Abstract
Heart attacks are a significant cause of death in Aotearoa New Zealand, with survivors frequently developing life-threatening complications such as arrhythmias. Post-heart attack complications are often linked to abnormal phosphorylation of the cardiac ryanodine receptor (RyR2), which regulates calcium release to initiate heart contractions. Key proteins that phosphorylate RyR2 to modulate its activity include calcium–calmodulin-dependent protein kinase II (CaMKII) and protein kinase A (PKA), which increase RyR2 activity; and casein kinase 2 (CK2) which inhibits RyR2 activity. Current post-heart attack therapies target CaMKII and PKA but often worsen heart failure. Therefore, novel strategies targeting CK2 may offer fewer side effects. This project aims to understand the relationship between PKA, CaMKII and CK2 phosphorylation of RyR2.
A test group of five genetically modified (GM) mice with a variant of RyR2 unable to be phosphorylated by CK2 and a control group of five wild-type mice were compared. To evaluate PKA phosphorylation of RyR2 in both groups, western blotting and chemiluminescent imaging followed by unpaired Student’s t-test analysis of protein phosphorylation ratios were used.
We found that when RyR2 was unable to be phosphorylated by CK2 in GM mice, there was a corresponding reduction in PKA phosphorylation compared to wild-type. The data showed a statistically significant difference of –0.186 (P = 0.049, standard error = 0.080) in the mean proportion of total RyR2 phosphorylated by PKA between GM mice and wildtype mice, suggesting a decrease in CK2 phosphorylation is reciprocated by a decrease in PKA phosphorylation.

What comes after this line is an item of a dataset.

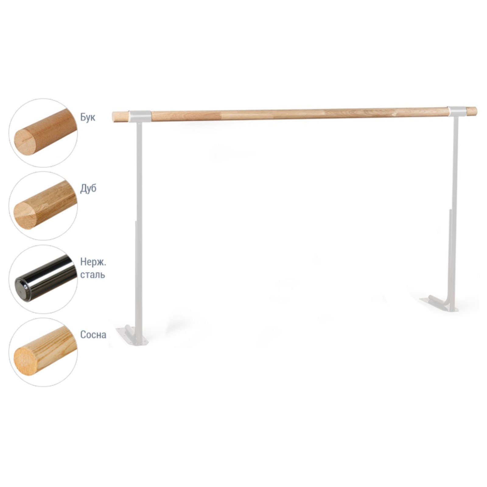 Хореографический станок однорядный напольный №2 дуб, белый цвет ножек. Глубина: 33 смВысота хореографического станка: 110 смВысота от пола до центра оси поручня: 108 смКаждый поручень крепится к опорам при помощи двух саморезовДлина поручня (ширина станка): 200 см. Диаметр поручней: 50 ммЦельносварная конструкция опорОпоры выполнены из толстостенных труб:Основная труба диаметром 33 мм и толщиной 2, 8 ммВспомогательная труба - 27 мм толщиной 2, 8 ммТорцы труб оснащены пластиковыми заглушкамиТип крепления - наполный (крепеж в комплекте)Тип покраски опор: полимерная порошковаяПоручни изготовлены из клееной древесины мебельного качества. Габариты Длина, см 112Ширина, см 33Высота, см 11Вес 8. 5 Материал поручня (жерди): Дуб  развернуть описание ▼

The results postulate the possibility of this reciprocation being a preventative mechanism of RyR2 hyperactivity, suggesting CK2 targeting may alter RyR2 function directly through CK2 phosphorylation changes as well as through indirect changes in PKA phosphorylation. CK2 targeting has the potential to contribute to arrhythmogenic treatment but is a complex area requiring further research to determine its therapeutic implications.